I used the "Mothers' brand kit...
https://mothers.com/products/nulens...all-4lights-07251?_pos=1&_sid=af9533820&_ss=r
I give it 5 stars!

You do need an electric drill to power the polishing assembly.


----------



## Stick486 (Jan 4, 2013)

roxanne562001 said:


> That sounds like a very doable project. Replace the acrylic and strip and refinish the aluminum frame. If the aluminum is pitted you could fill it with automotive body filler aka "Bondo" and or spot putty etch and prime the frame then spray it the color you want. https://www.amazon.com/Best-Sellers-Automotive-Body-Repair-Putty/zgbs/automotive/3097823011


the short easy answer is to wash and lightly sand the door and shoot it w/ *wrinkle paint...*
*or the ilk...*


----------



## Stick486 (Jan 4, 2013)

DaninVan said:


> Hey, Berry; the auto parts supply stores carry polishing kits for acrylic car headlights; they work like a hot damn!
> I just recently did the headlights on my wife's car, they were totally 'fogged' when I started...clear as glass when I finished.
> I used the "Mothers' brand kit...
> https://mothers.com/products/nulens...all-4lights-07251?_pos=1&_sid=af9533820&_ss=r
> ...


use *off bug spray instead...*


----------



## DaninVan (Jan 1, 2012)

Wait...what?

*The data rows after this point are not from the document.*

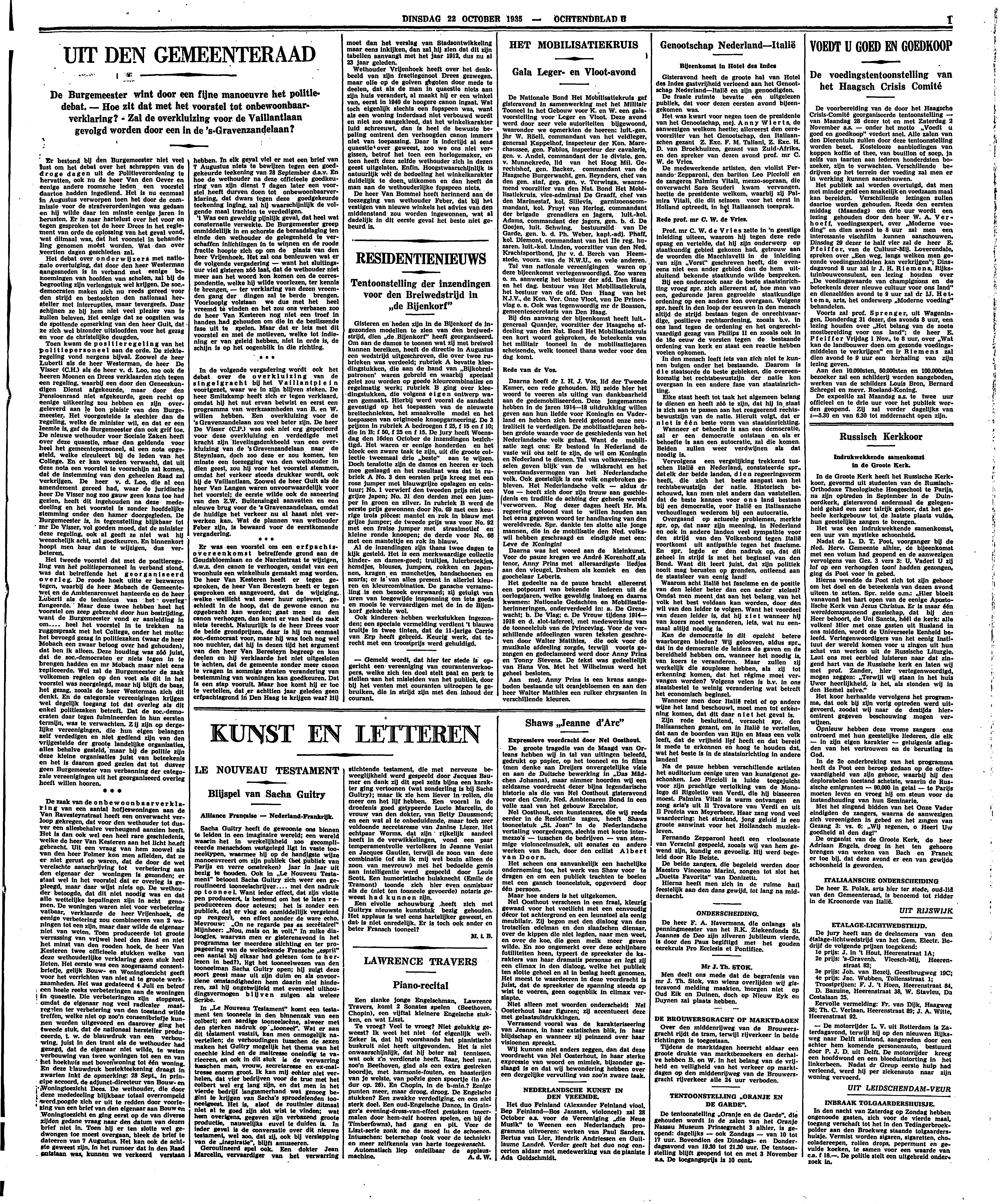 Sacha Guitry heeft de gewoonte ons binnen te leiden in een imaginaire wereld; een wereld waarin het in werkelijkheid zoo gecompliceerde menschdom vastgelegd ligt in vaste tooneeltypen, waarmee hij op de handigste wijze manoeuvreert om zijn publiek (het publiek van Parijs en verre omstreken) jaar in jaar uit bezig te houden. Ook in ‘Le Nouveau Testament’ betoont Sacha Guitry zich weer een geroutineerd tooneelschrijver.... met den nadruk op tooneel. Want ieder effect, dat zijn vlotte pen produceert, is bestemd om het te laten reproduceeren door acteurs; het is zonder een publiek, dat er vlug en onmiddellijk vergetend op reageert, een effect zonder de ware echo. Mevrouw: ‘On ne regarde pas sa secrétaire!’ Mijnheer: ‘Non, mais on la voit.’ In zulke dialoogjes, waarvan men er gisterenavond in het programma ter meerdere stichting en ter propageering van de welbekende Fransche ‘esprit’ een aantal bij elkaar had gelezen (om te herlezen in bed?), ligt het tooneelwezen van den tooneelman Sacha Guitry open; hij zuigt deze soort geest maar uit zijn duim en als onvoorziene omstandigheden hem daarin niet hinderen, zal hij ongetwijfeld met evenveel uithoudingsvermogen blijven zuigen als weleer Scribe.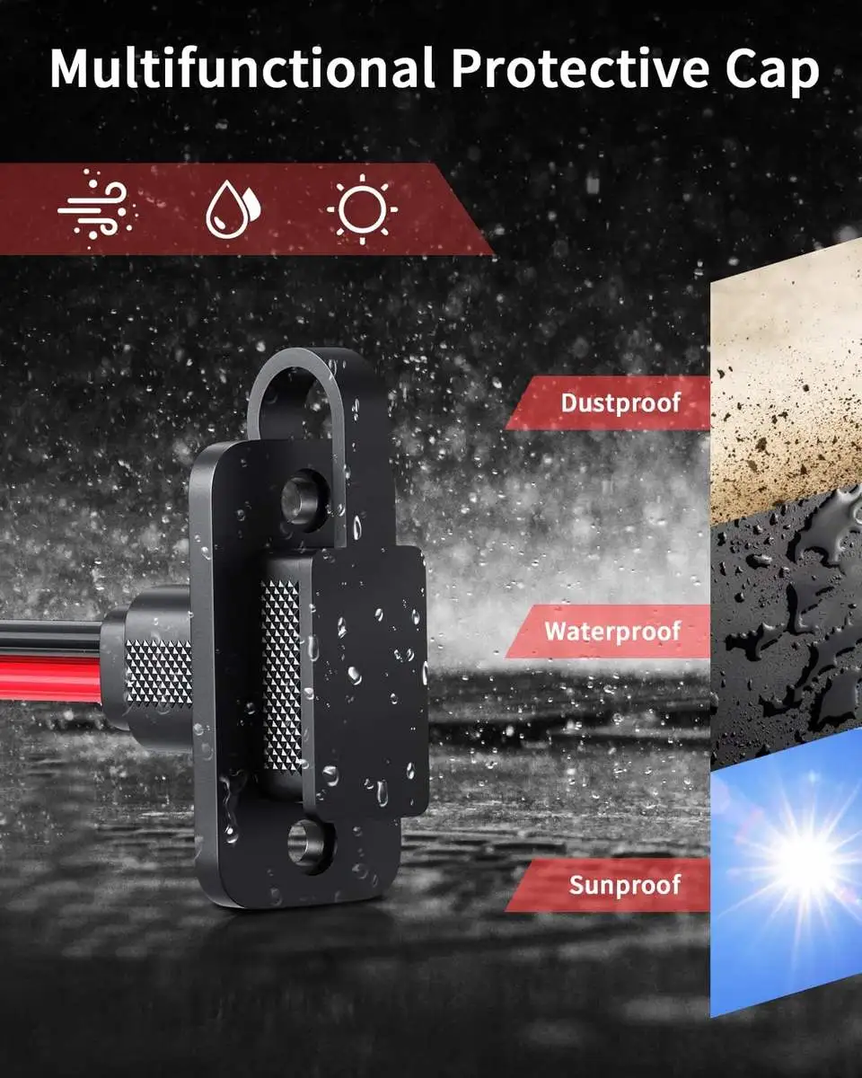 The protective cap protects against dust and rain, keeping the inside port clean and dry when not in use.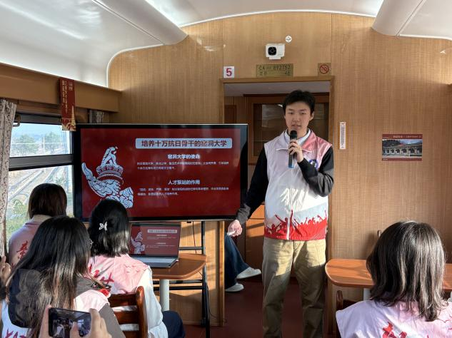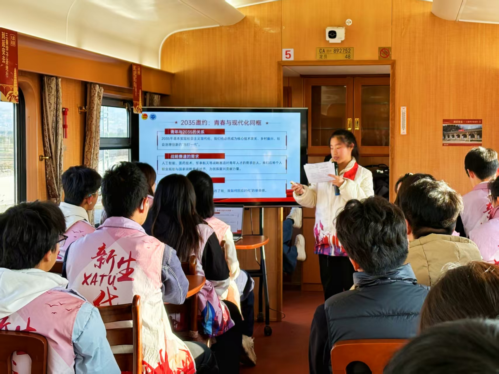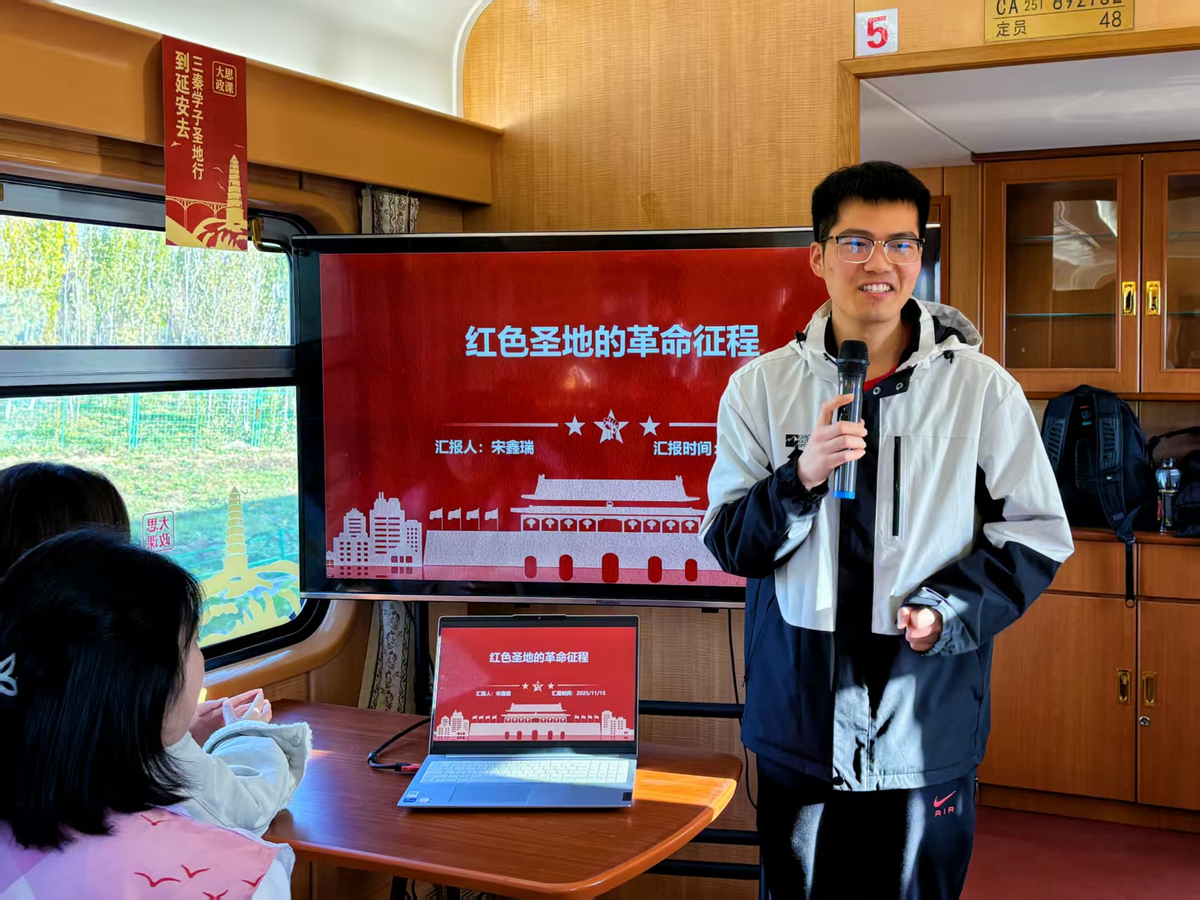 活动伊始,红色专列车厢内“一堂行走的思政课”首先拉开序幕。问凯翔同学以“红色圣地的革命征程”为题,从落脚延安到薪火延续,系统讲述了延安的红色故事;董珏湘同学围绕“窑洞灯火映初心,真理之书照征程”,回顾了不同时期青年的责任担当;宋鑫瑞同学介绍了宝塔山等革命圣地,为即将开启的实践活动奠定了坚实基础。随后,同学们齐唱红歌、共话革命往事,感受红色氛围。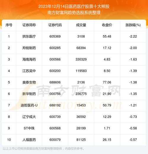 医药板块前十的票?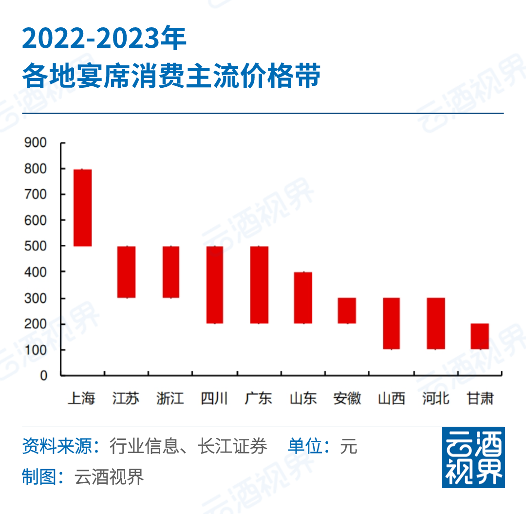 400+元价位段扩容。云酒头条在成都、郑州等地调研发现,经过价格上调,红花郎、剑南春都在从每瓶300-400元向400+元扩容。在广州,汾酒青花20终端表现价400多元,销量持续增长,未来几年,400-500元很可能成为次高端白酒一个热点。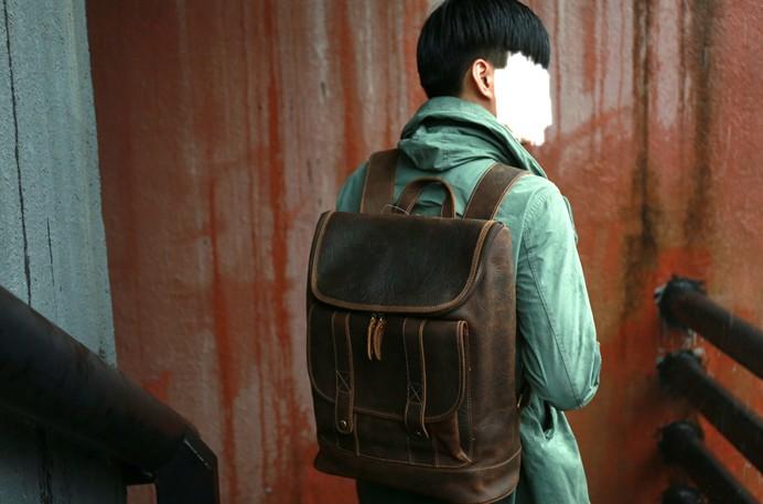 Style: Cool Brown Mens Leather Backpack Travel Backpacks Laptop Backpack for men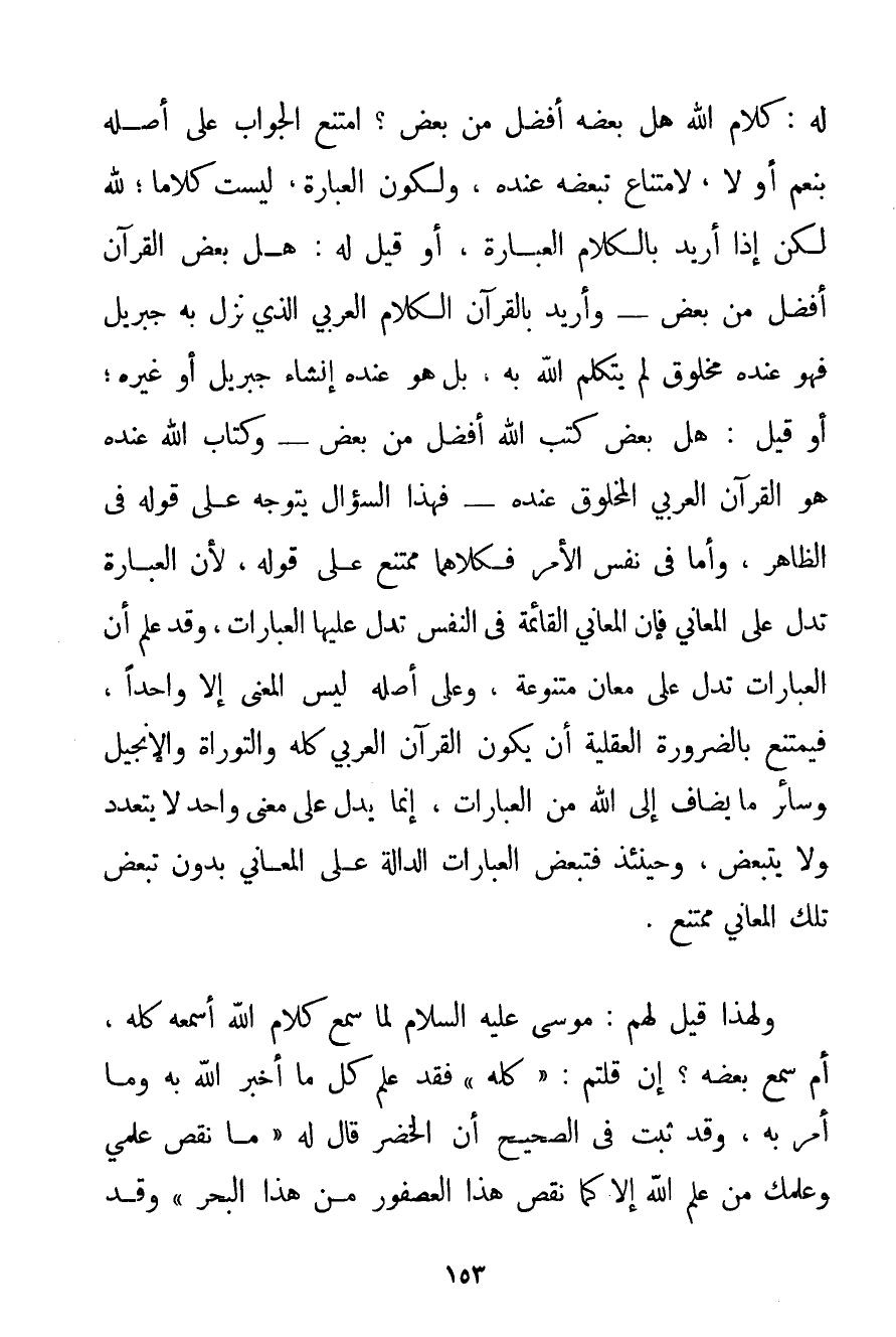 لَهُ: كَلَامُ اللَّهِ هَلْ بَعْضُهُ أَفْضَلُ مِنْ بَعْضٍ؟ امْتَنَعَ الْجَوَابُ عَلَى أَصْلِهِ بِنَعَمْ أَوْ لَا لِامْتِنَاعِ تَبَعُّضِهِ عِنْدَهُ وَلِكَوْنِ الْعِبَارَةِ لَيْسَتْ كَلَامًا؛ لِلَّهِ لَكِنْ إذَا أُرِيدَ بِالْكَلَامِ الْعِبَارَةُ أَوْ قِيلَ لَهُ: هَلْ بَعْضُ الْقُرْآنِ أَفْضَلُ مِنْ بَعْضٍ - وَأُرِيدَ بِالْقُرْآنِ الْكَلَامُ الْعَرَبِيُّ الَّذِي نَزَلَ بِهِ جِبْرِيلُ فَهُوَ عِنْدَهُ مَخْلُوقٌ لَمْ يَتَكَلَّمْ اللَّهُ بِهِ بَلْ هُوَ عِنْدَهُ إنْشَاءٌ جِبْرِيلُ أَوْ غَيْرُهُ؛ أَوْ قِيلَ: هَلْ بَعْضُ كُتُبِ اللَّهِ أَفْضَلُ مِنْ بَعْضٍ - وَكِتَابُ اللَّهِ عِنْدَهُ هُوَ الْقُرْآنُ الْعَرَبِيُّ الْمَخْلُوقُ عِنْدَهُ - فَهَذَا السُّؤَالُ يَتَوَجَّهُ عَلَى قَوْلِهِ فِي الظَّاهِرِ وَأَمَّا فِي نَفْسِ الْأَمْرِ فَكِلَاهُمَا مُمْتَنِعٌ عَلَى قَوْلِهِ لِأَنَّ الْعِبَارَةَ تَدُلُّ عَلَى الْمَعَانِي فَإِنَّ الْمَعَانِيَ الْقَائِمَةَ فِي النَّفْسِ تَدُلُّ عَلَيْهَا الْعِبَارَاتُ وَقَدْ عُلِمَ أَنَّ الْعِبَارَاتِ تَدُلُّ عَلَى مَعَانٍ مُتَنَوِّعَةٍ وَعَلَى أَصْلِهِ لَيْسَ الْمَعْنَى إلَّا وَاحِدًا فَيَمْتَنِعُ بِالضَّرُورَةِ الْعَقْلِيَّةِ أَنْ يَكُونَ الْقُرْآنُ الْعَرَبِيُّ كُلُّهُ وَالتَّوْرَاةُ وَالْإِنْجِيلُ وَسَائِرُ مَا يُضَافُ إلَى اللَّهِ مِنْ الْعِبَارَاتِ إنَّمَا يَدُلُّ عَلَى مَعْنًى وَاحِدٍ لَا يَتَعَدَّدُ وَلَا يَتَبَعَّضُ وَحِينَئِذٍ فَتَبَعُّضُ الْعِبَارَاتِ الدَّالَّةِ عَلَى الْمَعَانِي بِدُونِ تَبَعُّضِ تِلْكَ الْمَعَانِي مُمْتَنِعٌ. وَلِهَذَا قِيلَ لَهُمْ: مُوسَى عَلَيْهِ السَّلَامُ لَمَّا سَمِعَ كَلَامَ اللَّهِ أَسْمَعَهُ كُلَّهُ أَمْ سَمِعَ بَعْضَهُ؟ إنْ قُلْتُمْ: " كُلَّهُ " فَقَدْ عَلِمَ كُلَّ مَا أَخْبَرَ اللَّهُ بِهِ وَمَا أَمَرَ بِهِ وَقَدْ ثَبَتَ فِي الصَّحِيحِ أَنَّ الْخَضِرَ قَالَ لَهُ {مَا نَقَصَ عِلْمِي وَعِلْمُك مِنْ عِلْمِ اللَّهِ إلَّا كَمَا نَقَصَ هَذَا الْعُصْفُورُ مِنْ هَذَا الْبَحْرِ} وَقَدْ
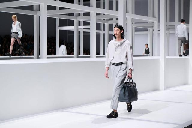 在雅致的色系下,本季爱马仕男装从版型上令身体超脱束缚,让人自信驾驭短裤、夹克与短身风衣。亲肤面料、双面穿皮革的运用则令多元的视角效果更立体。模特在T台上的不同搭配也呈现了巧妙叠搭的效果。可以说,放慢脚步、享受生活的理念在这一季中获得体现。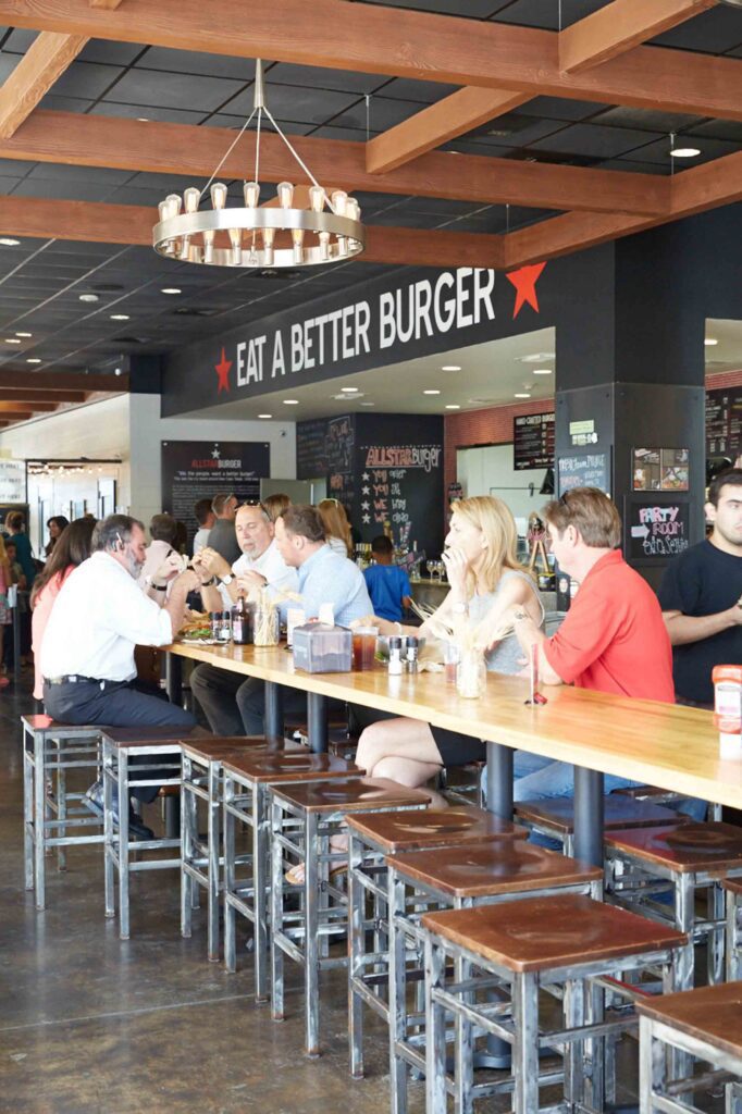 Hill Country Galleria’s top burger spot features Premium Gold Pure Country Angus Beef topped with gourmet goodies. GF buns and lettuce wraps are available. Must-tries: burger of choice with bacon cheesy fries (a meal in itself). allstarburger.com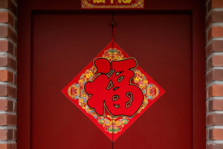 Lucky happiness ritual ornament hanging on a door marks the start of the seasonal Chinese New Year celebration.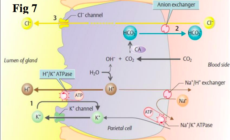 The effect of gastrin, Ach, and histamine will result in an increase in cAMP & Ca2+ –> greatly enhances H/K-ATPase –> more acid secretion

How does that eliminate the surface damage to acrylic?


----------



## Stick486 (Jan 4, 2013)

DaninVan said:


> Wait...what? How does that eliminate the surface damage to acrylic?


ahhhh...
DIIK...
but it works...
it still needs to be buffed out...
and really clears up those plastic headlight covers...


----------



## DaninVan (Jan 1, 2012)

I'm almost afraid to ask how you know this...


----------



## RainMan 2.0 (May 6, 2014)

DaninVan said:


> Hey, Berry; the auto parts supply stores carry polishing kits for acrylic car headlights; they work like a hot damn!
> I just recently did the headlights on my wife's car, they were totally 'fogged' when I started...clear as glass when I finished.
> I used the "Mothers' brand kit...
> https://mothers.com/products/nulens...all-4lights-07251?_pos=1&_sid=af9533820&_ss=r
> ...


Wonder if that’ll work on cataracts?


----------



## Herb Stoops (Aug 28, 2012)

RainMan 2.0 said:


> Wonder if that’ll work on cataracts?


Yup, it is in the buffing,use a piece of insulation and a drill motor,be sure to wear goggles,my optomologist did when he did mine. Things will be fuzzy for awhile.
Herb


----------



## Bstrom (Jan 2, 2020)

You got ‘em going, Stick! Lovin’ it...

The wrinkle paint does collect dirt and holds onto it, I’m afraid, but it does look good. How about a nicely finely sanded (brushed look) approach with a clear coat? Paint a cool scene on the acrylic sheet.


----------



## Stick486 (Jan 4, 2013)

DaninVan said:


> I'm almost afraid to ask how you know this...


toothpaste works too...
buddy has an autobody shop told me about it..


----------



## Herb Stoops (Aug 28, 2012)

Stick486 said:


> toothpaste works too...
> buddy has an autobody shop told me about it..


Efferdent???
Herb


----------



## Stick486 (Jan 4, 2013)

Herb Stoops said:


> Efferdent???
> Herb


snork!!!!


----------



## Nickp (Dec 4, 2012)

"You wonder where the yellow went when you brush your lights with Pepsodent"...:dance3:


----------



## Herb Stoops (Aug 28, 2012)

Nickp said:


> "You wonder where the yellow went when you brush your lights with Pepsodent"...:dance3:


I didn't know you could sing, Nick, looks like you have a career ahead of you.
Herb


----------



## Stick486 (Jan 4, 2013)

Herb Stoops said:


> I didn't know you could sing, Nick, looks like you have a career ahead of you.
> Herb


the entertainment should be priceless..


----------



## Nickp (Dec 4, 2012)

Stick486 said:


> the entertainment should be priceless..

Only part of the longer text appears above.